TO DO:
Only certain lines below are wanted: those starting at the line containing "대표가) 개헌 논의는" and ending at the line containing "El Gobierno de", both included, each retyped exactly.

DATA RECORDS:
__________________________________________________

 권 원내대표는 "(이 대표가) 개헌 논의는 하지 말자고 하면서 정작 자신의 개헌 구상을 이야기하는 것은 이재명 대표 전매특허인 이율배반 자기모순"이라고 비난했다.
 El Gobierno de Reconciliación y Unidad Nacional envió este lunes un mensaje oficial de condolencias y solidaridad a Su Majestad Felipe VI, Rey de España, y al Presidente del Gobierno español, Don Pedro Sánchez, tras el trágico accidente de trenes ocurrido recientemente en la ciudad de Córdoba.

__________________________________________________

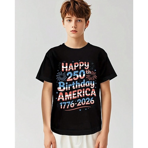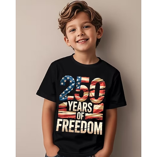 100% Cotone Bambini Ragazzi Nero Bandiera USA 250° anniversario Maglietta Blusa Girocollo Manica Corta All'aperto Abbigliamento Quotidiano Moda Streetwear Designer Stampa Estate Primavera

__________________________________________________

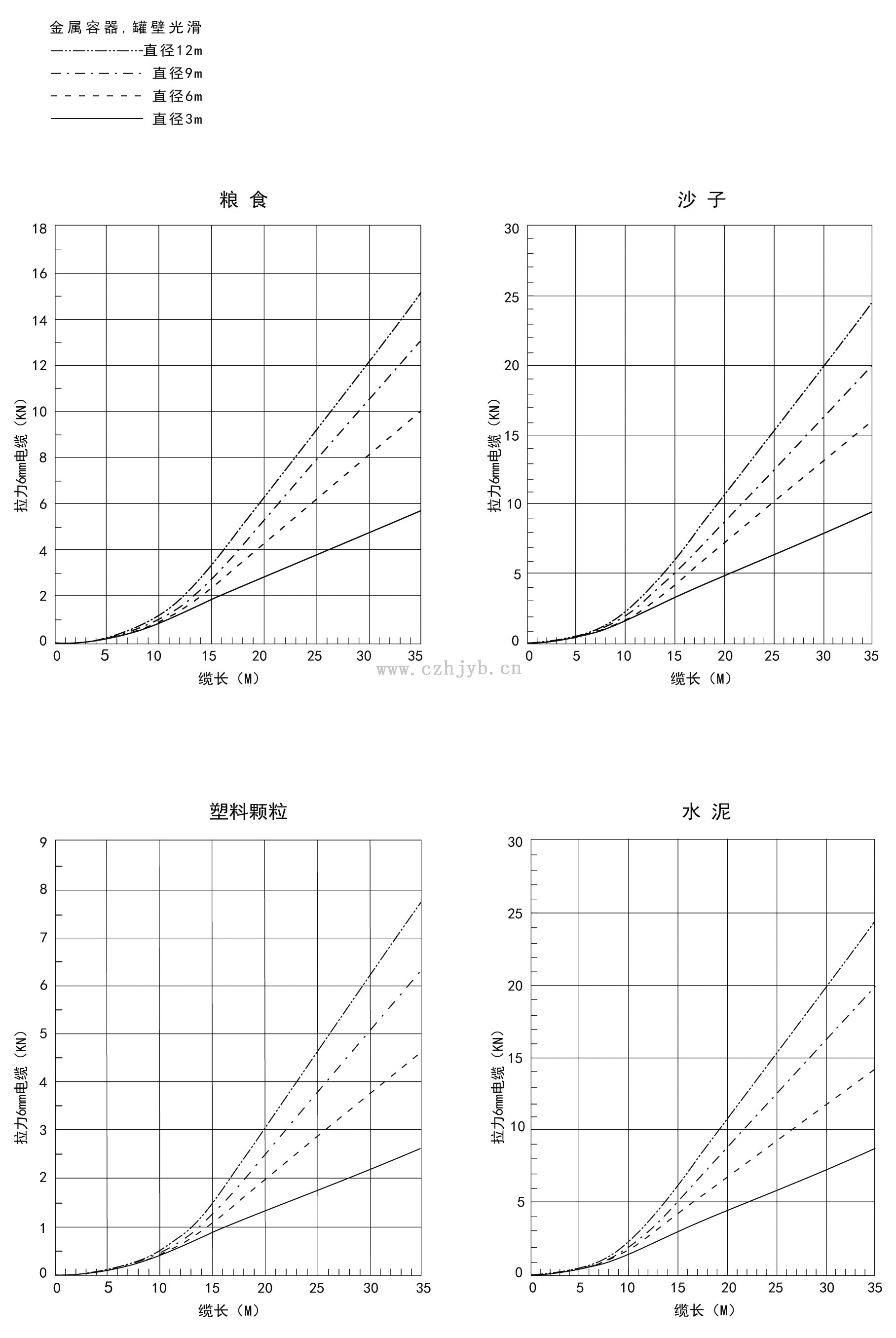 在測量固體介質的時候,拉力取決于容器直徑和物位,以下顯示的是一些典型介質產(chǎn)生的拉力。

__________________________________________________

TASK RESPONSE:
 권 원내대표는 "(이 대표가) 개헌 논의는 하지 말자고 하면서 정작 자신의 개헌 구상을 이야기하는 것은 이재명 대표 전매특허인 이율배반 자기모순"이라고 비난했다.
 El Gobierno de Reconciliación y Unidad Nacional envió este lunes un mensaje oficial de condolencias y solidaridad a Su Majestad Felipe VI, Rey de España, y al Presidente del Gobierno español, Don Pedro Sánchez, tras el trágico accidente de trenes ocurrido recientemente en la ciudad de Córdoba.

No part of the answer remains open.